WSS/v1/text-to-speech/{voice_id}/stream-input?output_format=mp3_44100_128

Protocol

The exchange is: one BOS (beginning-of-stream) message, then text messages as they arrive, optional flush / try_trigger_generation triggers, and a final {"text":""} to end.

1. Send the BOS message

{
  "text": " ",
  "voice_settings": { "stability": 0.5, "style": 0.3 },
  "generation_config": { "chunk_length_schedule": [120, 160, 250, 290] },
  "authorization": "Bearer sk-zeli-..."
}
textstringRequired

A single space " " opens the stream.

voice_settingsobjectOptional

Same mapping as HTTP. See Voice settings.

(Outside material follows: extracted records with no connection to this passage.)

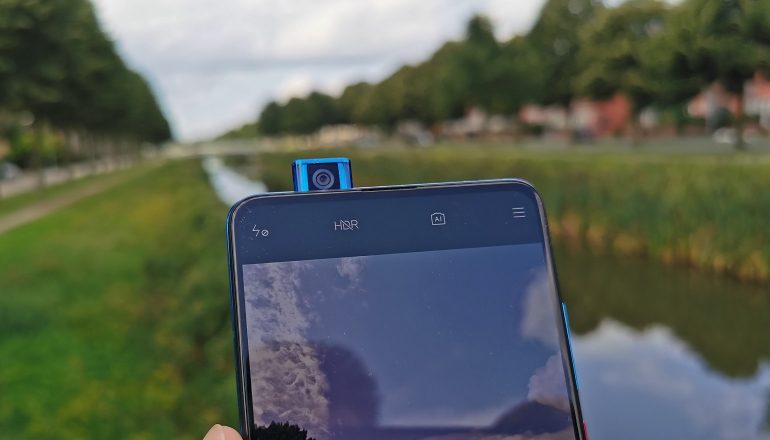 De Xiaomi Mi 9T beschikt over een uitstekende selfiecamera van twintig megapixel (f/2.2). Deze komt, inclusief licht en geluid, aan de bovenkant uit de behuizing omhoog. Selfies zien er prima uit en ook de AI doet bij portretten goed z’n werk. De bokeh-functie werkt fijn, maar de AI zit er soms even naast met betrekking tot het onderwerp, waarbij de uitsnede van een scherpe voorgrond en wazige achtergrond niet helemaal klopt. Zorg voor wat afstand tussen het onderwerp en de achtergrond en de pop-up camera levert zeer goed werk af. Het is overigens niet de snelste pop-up camera van dit moment, want het kan wel twee seconden duren voordat deze klaar is voor gebruik. Ontgrendelen middels gezichtsherkenning duurt dan ook vaak net even te lang, waardoor de vingerafdruksensor onder het display een betere keuze is.
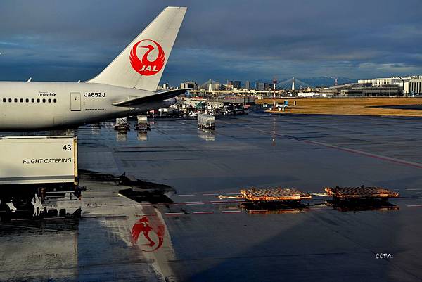 當飛機離開航廈,準備起飛時,陽光從陰鬱的雲層透了出來,機場跑道上開始有一些倒影,遠方秩父一帶的山頭可以看到積雪,但仍看不到富士山。
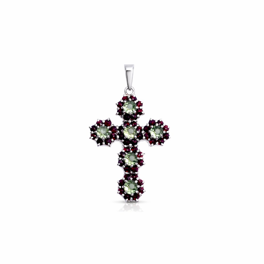 Silver pendant cross with cut Moldavite and garnets 2000185340005
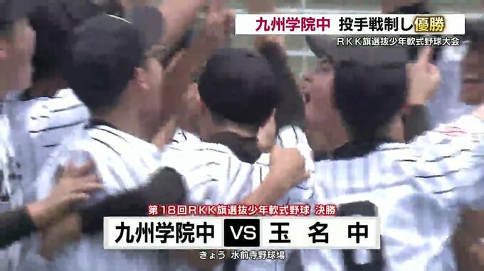 ハイレベルな投手戦 RKK旗選抜少年軟式野球 九州学院中学が制す 2023年6月3日(土) 18:36 国内 RKK旗選抜少年軟式野球大会は決勝戦。ハイレベルな投手戦の末、九州学院中学校が優勝しました。選抜された県内16のチームの頂点をかけ、九州学院と玉名が対戦。玉名の先発、エースの田上晴都(たのうえ・はると)…
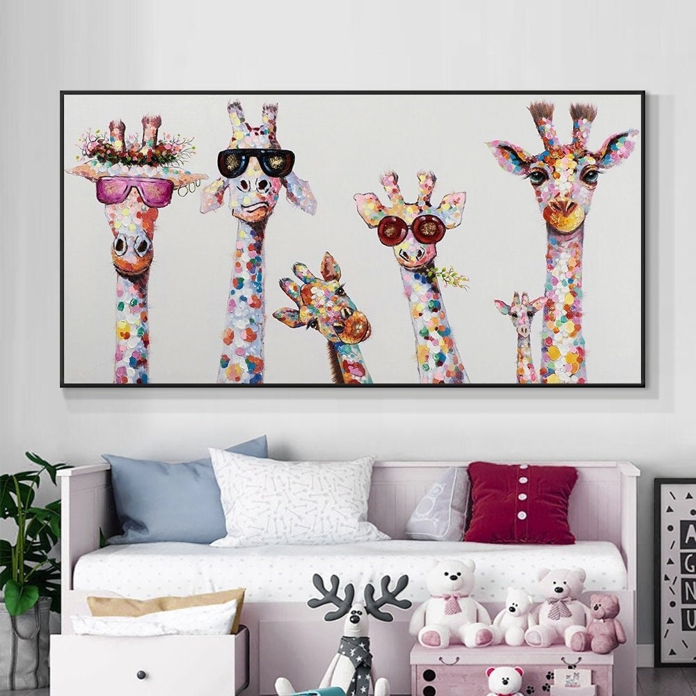 Crafted with love and care, this giraffe canvas art boasts vibrant colors and playful charm that will brighten any room. The giraffe's comical expression is bound to elicit smiles and giggles, making it an ideal gift for kids. This hand-painted wall art is more than just decoration; it's a keepsake that embodies the creativity of original wall art.

generation_config.chunk_length_scheduleint[]Optional

How many characters to buffer before triggering generation at each step. Smaller first values start audio sooner.

authorizationstringOptional

A Bearer token — one of two ways to authenticate; see Authentication.

2. Stream text

{ "text": "Hello there. " }

A trailing space helps word boundaries. Control generation timing with:

flushbooleanOptional

{"flush": true} forces generation of everything buffered so far.

try_trigger_generationbooleanOptional

{"try_trigger_generation": true} triggers at the next boundary.

3. End the stream

{ "text": "" }

4. Receive audio frames

Each frame is a JSON object with base64 audio; a final frame carries isFinal: true.

{ "audio": "<base64>", "isFinal": null, "normalizedAlignment": null, "alignment": null }
{ "audio": null, "isFinal": true }
Alignment fields are null

alignment and normalizedAlignment are sent as null on every frame — a streamed encoder can't attribute encoded bytes to characters. If you need the approximate alignment, use the HTTP .../with-timestamps endpoints instead. See Character timestamps.

Example

import json, base64, websocket
 
VOICE = "zeli-voice-1"
url = f"wss://voice.your-domain.com/v1/text-to-speech/{VOICE}/stream-input?output_format=mp3_44100_128"
ws = websocket.create_connection(url)
 
# BOS
ws.send(json.dumps({
    "text": " ",
    "voice_settings": {"stability": 0.5, "style": 0.3},
    "generation_config": {"chunk_length_schedule": [120, 160, 250, 290]},
    "authorization": "Bearer sk-zeli-...",
}))
 
for part in ["Hello there. ", "This streams as I type. "]:
    ws.send(json.dumps({"text": part}))
 
ws.send(json.dumps({"text": ""}))    # EOS
 
with open("out.mp3", "wb") as f:
    while True:
        msg = json.loads(ws.recv())
        if msg.get("audio"):
            f.write(base64.b64decode(msg["audio"]))
        if msg.get("isFinal"):
            break
ws.close()
Not yet: multi-context

The multi-context multi-stream-input variant is not implemented yet. Use one stream-input connection per synthesis.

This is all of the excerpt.